The self-aiming camera in the breadboard stage at a UI lab. The foreground camera and microphones input to the rotating-table-mounted camera that tracks targets.
A leaf rustles and a flicker of light catches your eye. Instantly, your head rotates and your gaze shifts to lock on the target. Human brains do such reckoning automatically, but now researchers at the University of Illinois, Champaign, can mimic the reaction electronically.
The group steers a self-aiming camera with a computer neural network modeled after the superior colliculus of the human brain. "The superior colliculus serves as the visual reflex center," explains Sylvian Ray, a UI professor of computer science and a researcher at the Beckman Institute for Advanced Science and Technology. "It is the primary agent for deciding which direction to turn the head in response to sensory stimuli such as visual and auditory cues."
Here's how the system works: One camera looks for motion by comparing successive video frames while a pair of omnidirectional microphones monitors audio signals. A program parses reflected sound from the desired direct sound waves by listening for wave-energy onset only (after the echoes from the previous signal die out), explains Ray. A sound-location algorithm analyzes the sounds and sends the information to the neural network. The program then figures the correct position and rotates a second camera — mounted on a servomotor-driven table — to acquire the target. Sound need not be located precisely. Ballpark estimates are OK, says Ray. The target image transmits to a human operator for further analysis. A computer with a 200-MHz processor runs the system.
Though the self-aiming camera can be attracted by either sight or sound, the combination of the two offers a much stronger stimulus. Neuroscientists say this is how the brain processes multiple signals from the same direction. Even smaller signals issue a large response, provided they are coincident. Coincident (superimposed) signals make for a more interesting target that tells the brain where to turn the head. And like a human brain, the neural network learns what to respond to and what to ignore.
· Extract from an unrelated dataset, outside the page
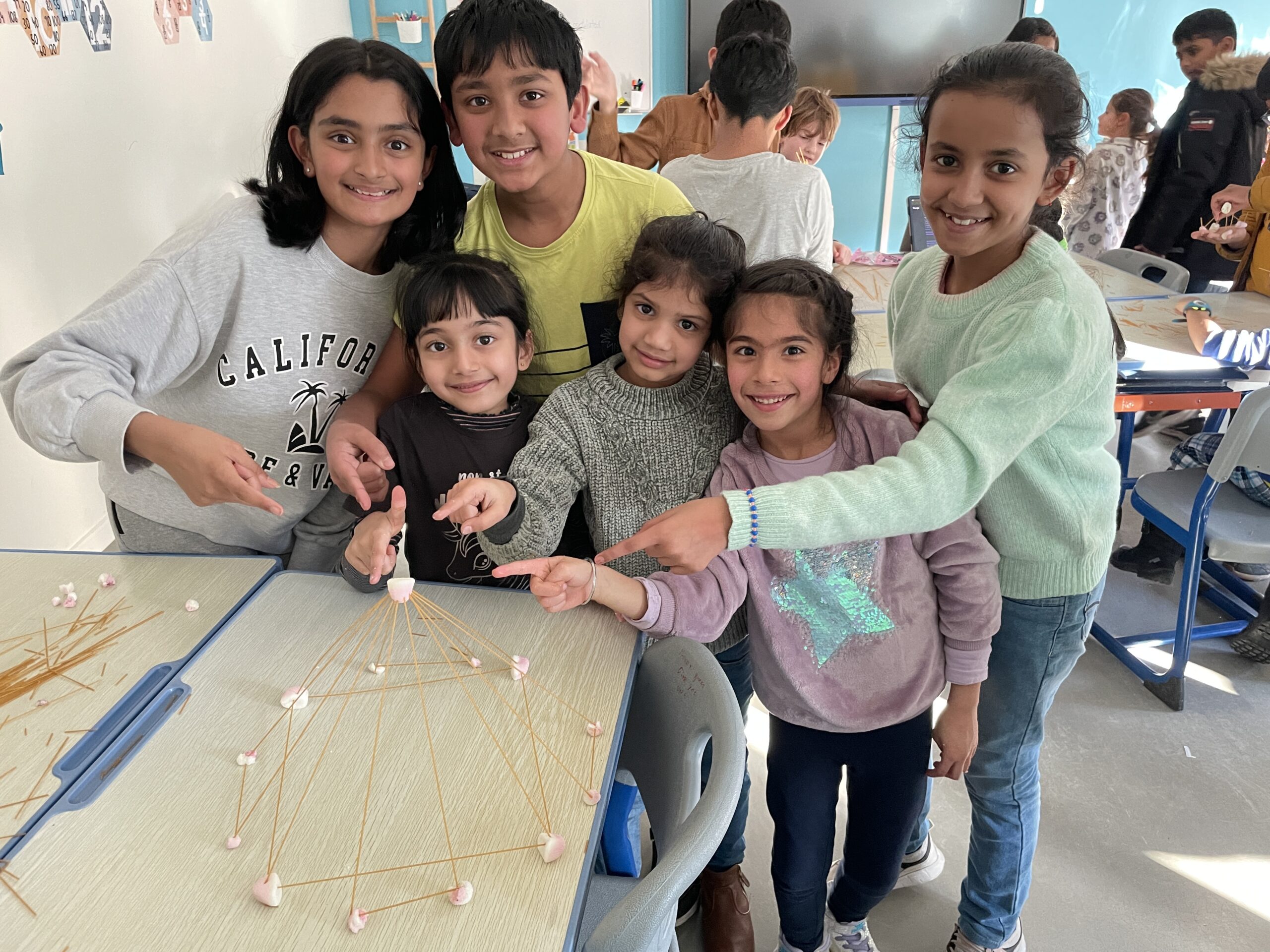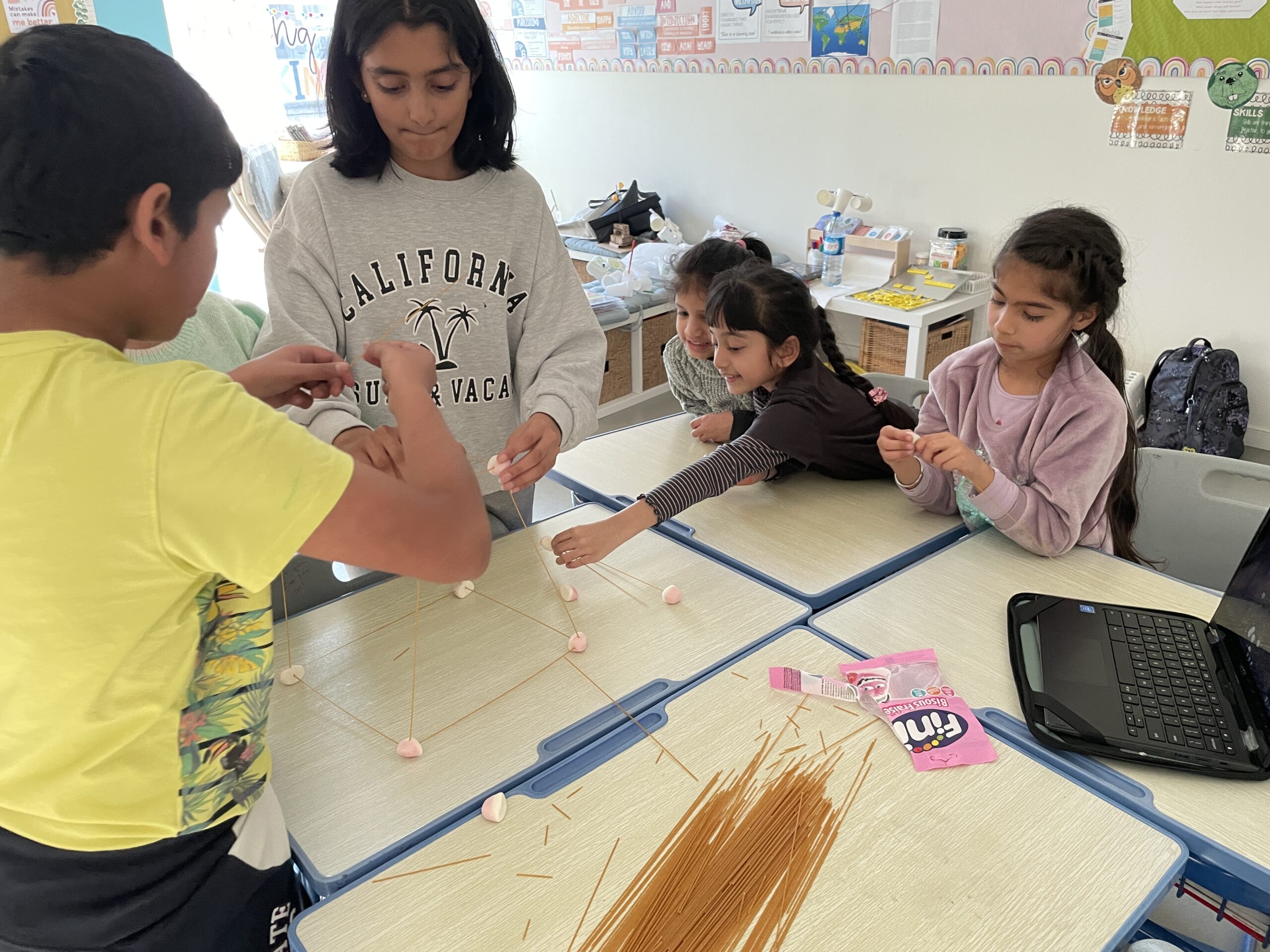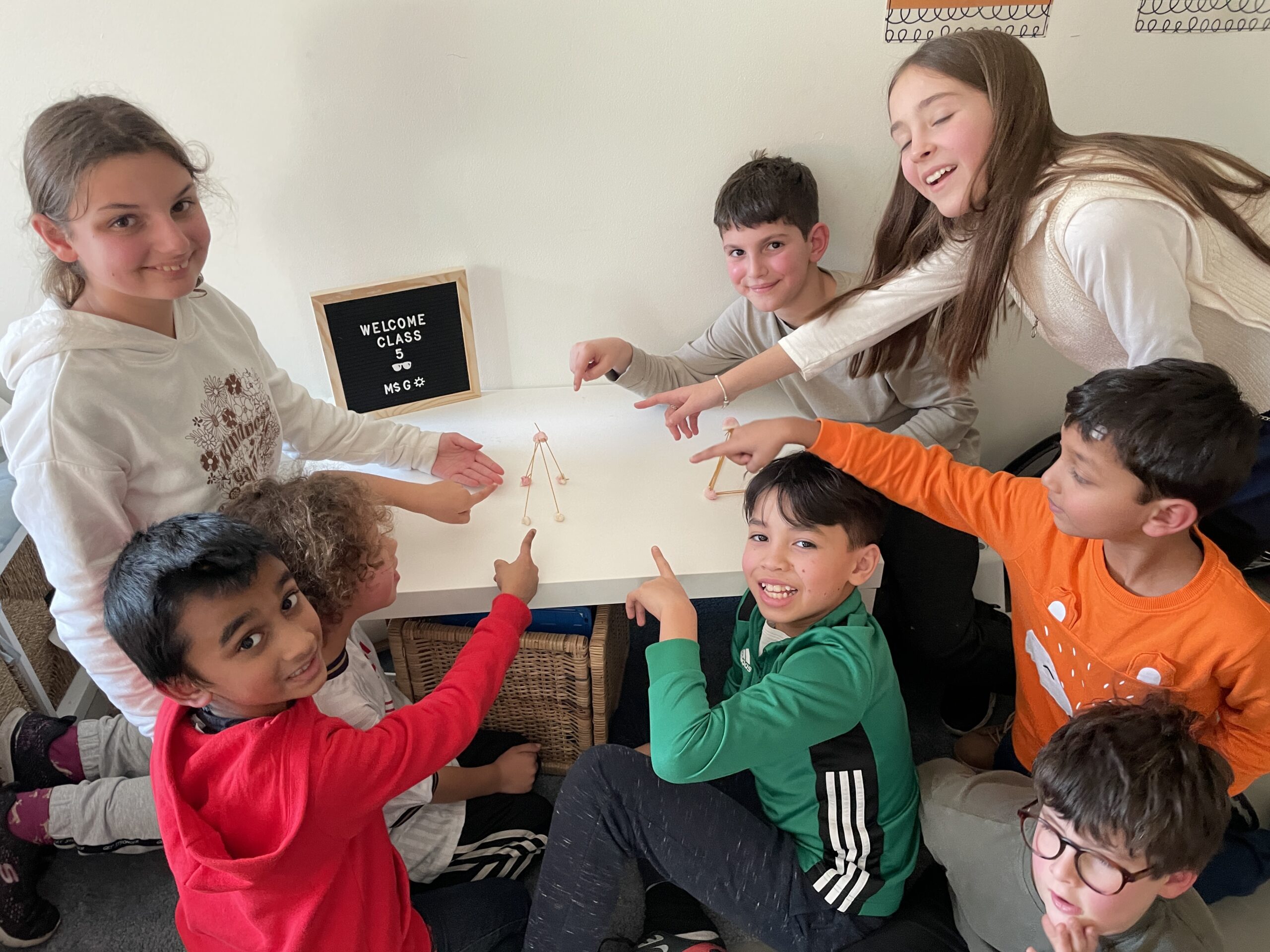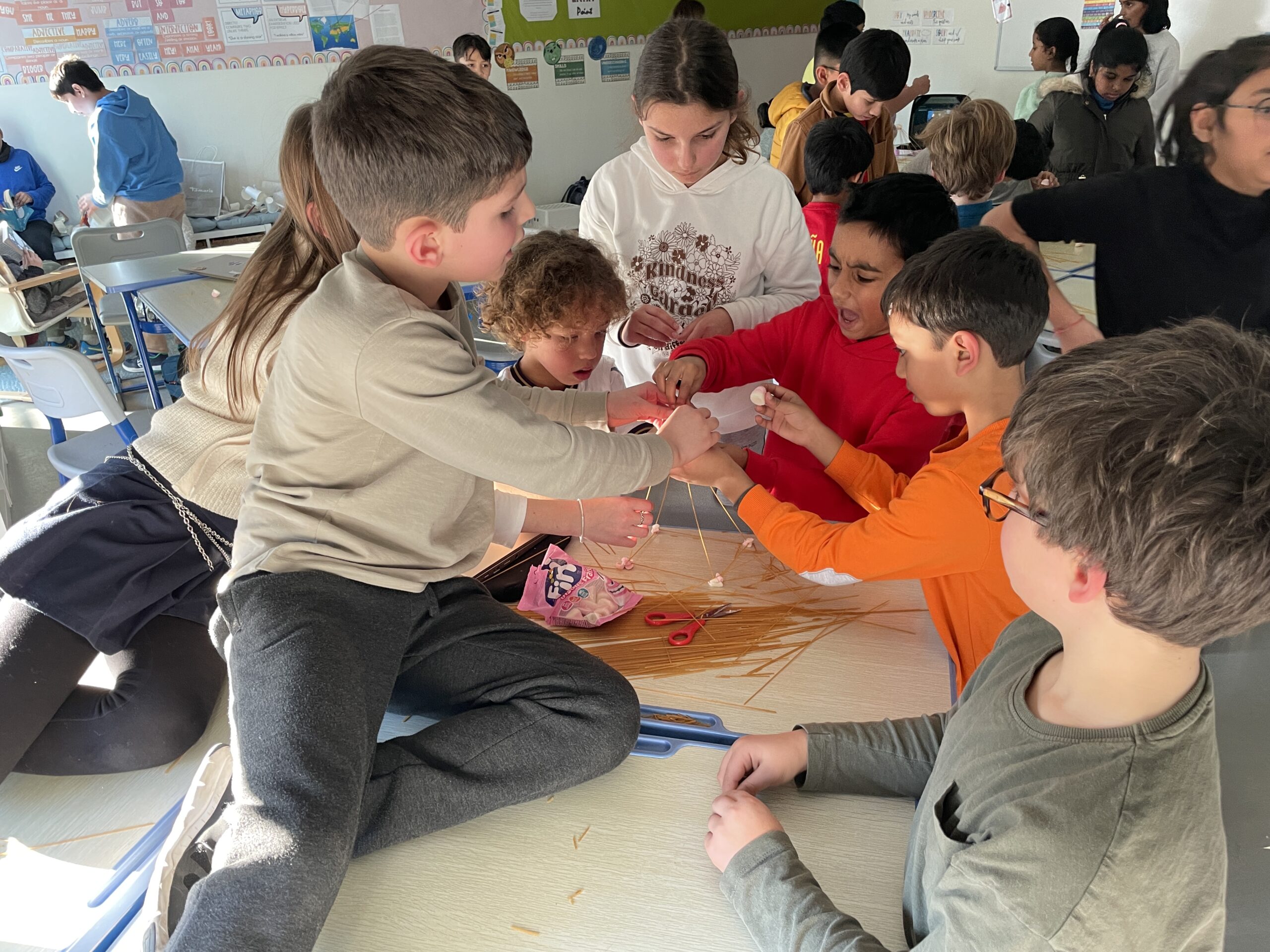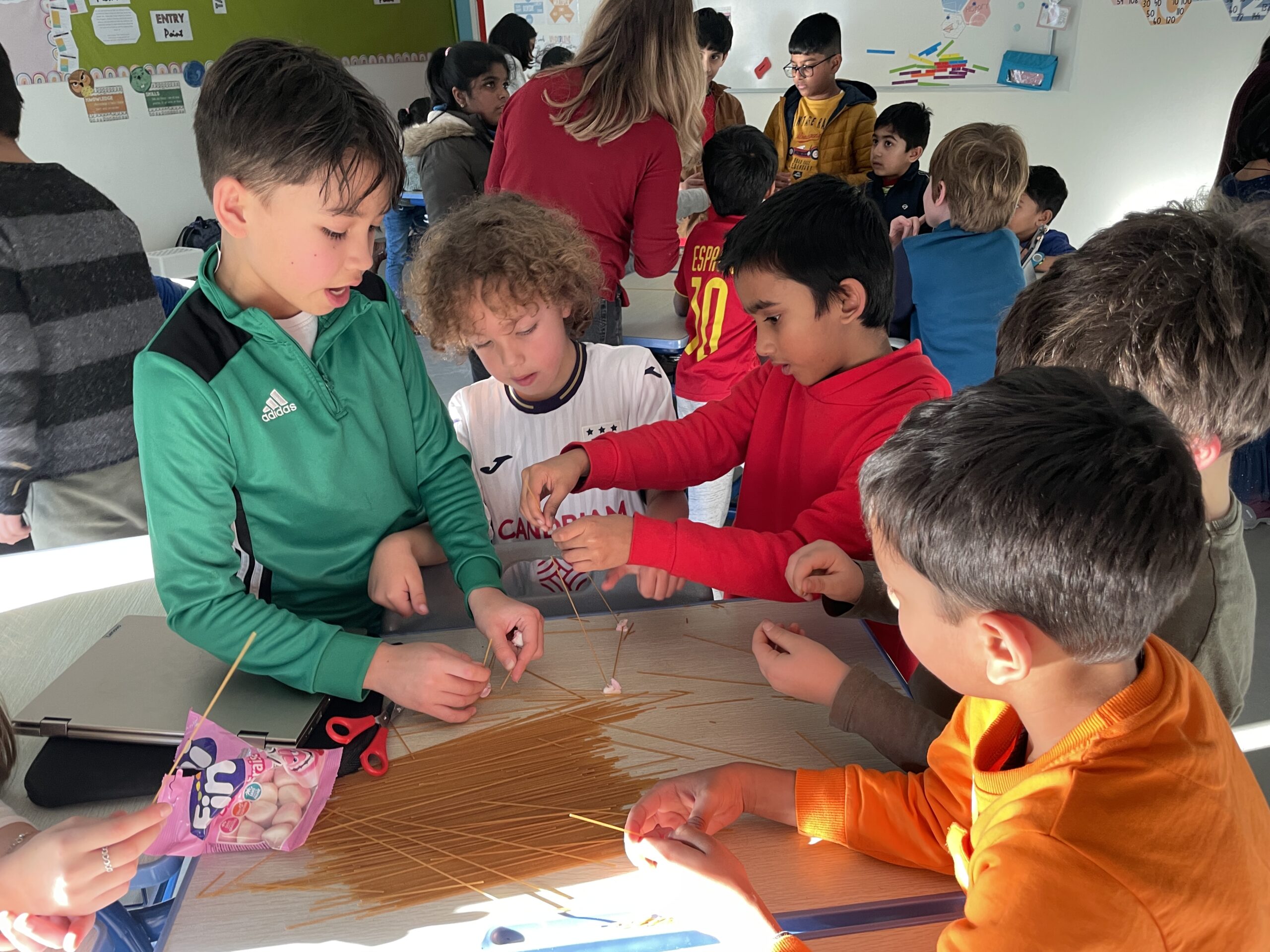 This week the students from class 1 and 5 collaborated on a team building activity. Collaboration helps children to discover each others’ strengths, interests and capabilities. Instead of limiting learning to a one way stream from a teacher or an adult to them, they can learn from each other. As a result each child can develop a unique set of skills and knowledge in a fun and efficient way. Here you can see Class 1 working along with Class 5 on a team building project where they are using spaghetti and marshmallows to make structures.

For instance, during infancy, the superior colliculus helps a baby's brain associate external direction with an internal visual reference grid, mapping a mother's moving lips to the sound of her voice. Similarly, the researchers' model learns to align its sound-source location processing with an embedded visual map. "As the system learns to correctly locate both sound and visual sources, it also learns what types of objects are preferred targets," says Ray. "We want to teach it to ignore common objects and focus on unusual sounds or visual motions." Look-up libraries of sights and sounds could let the system differentiate between an aircraft on the horizon and a flock of birds, for example. And stimuli aren't limited to light and sound. With the proper sensors, the system could be programmed to respond to heat, infrared, or other inputs.
One possible application for self-aiming cameras is distance learning. Here, one camera could follow the speaker while another points at the audience, automatically zeroing in on a student raising a hand to ask a question. Funding agency, the Office of Naval Research, sees self-aiming cameras one day serving as intelligent cyber sentinels in military applications.